I want my cheetah to chase cars. Because he'll be able to catch them. And eat their occupants. Man, I can't wait to get my cheetah.
I not only pick up after my dog, I also pick up after the dogs of others. After all, if I am stomping around in the park at all hours with my dog, on his leash, who is most likely to step in some other dog's business besides me?
It really isn't all that difficult or unpleasant if you have the mentality of an adult. Big if, I know.
AND, I am totally with you on this one! (says the dog owner who routinely forgets her poo bags)
When I used to live in London what I really hated was dodging the vomit in the streets outside the pubs... and on the walk home from the pubs... I always wanted them to put up little vomit clean-up stations like they have in public parks for picking up your dog shit... I'd take stepping in dog shit over skidding in vomit any day :)
One day I caught him walking away after letting his dog shit in the new flower bed we'd spent the better part of an afternoon planting. I said, "Did you forget something?" He gave me the finger! But he never came back. Must've found another "slum" for his doggie toilet.
Would that the responsible dog owners of OS lived in my neighborhood. And iamsurly, I'm not sure it's a decision I'd like to have to make, though those very same fratboys do occasionally leave presents on the block from the other side of the digestive rainbow.

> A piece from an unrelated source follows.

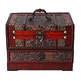 - Klassisches Design - Maße: 26,5 x 19 x 20 cm; Maße oben: 21,5 x 16 x 3 cm; Höhe der unteren Schublade: 5,5 cm; Maße des oberen Faches mit Deckel: 10 x 9 x 2 cm; Mit Spiegel im Deckel sieht der Kasten sehr schön und edel aus. Mit praktischem Tragegriff lässt sich leicht transportieren. Alles ist an seinem Platz, und bleibt immer griffbereit, was auch das Wiederfinden erleichtert

Not to mention the homeless guys.
There's an old who lives in the building next door and brings his dog over to my building to pee in the flowerbeds that our condo association spent rather a lot of money on. We've talked to him, but he's about 50 years older than god, and he keeps on doing it.
Steve: only inside my head. I think they are nonetheless plotting against me.
Anyway. I'm just today stepping down off of a very high dosage of steroids, the course of which I learned there were things inside of me I never knew existed, and which scared me and made me worry what I am capable of, and frankly, Floyd, I had to wonder if maybe you and I are living parallel lives right now, pharmacologically speaking!
Sis, if you disclose the "fingerpainting" incident, I will have to send my goons to rough you up.
And this is kind of funny: my friend who went to Africa for the cheetah project just got a dog today, and after reading the post this morning promised to always pick up after him.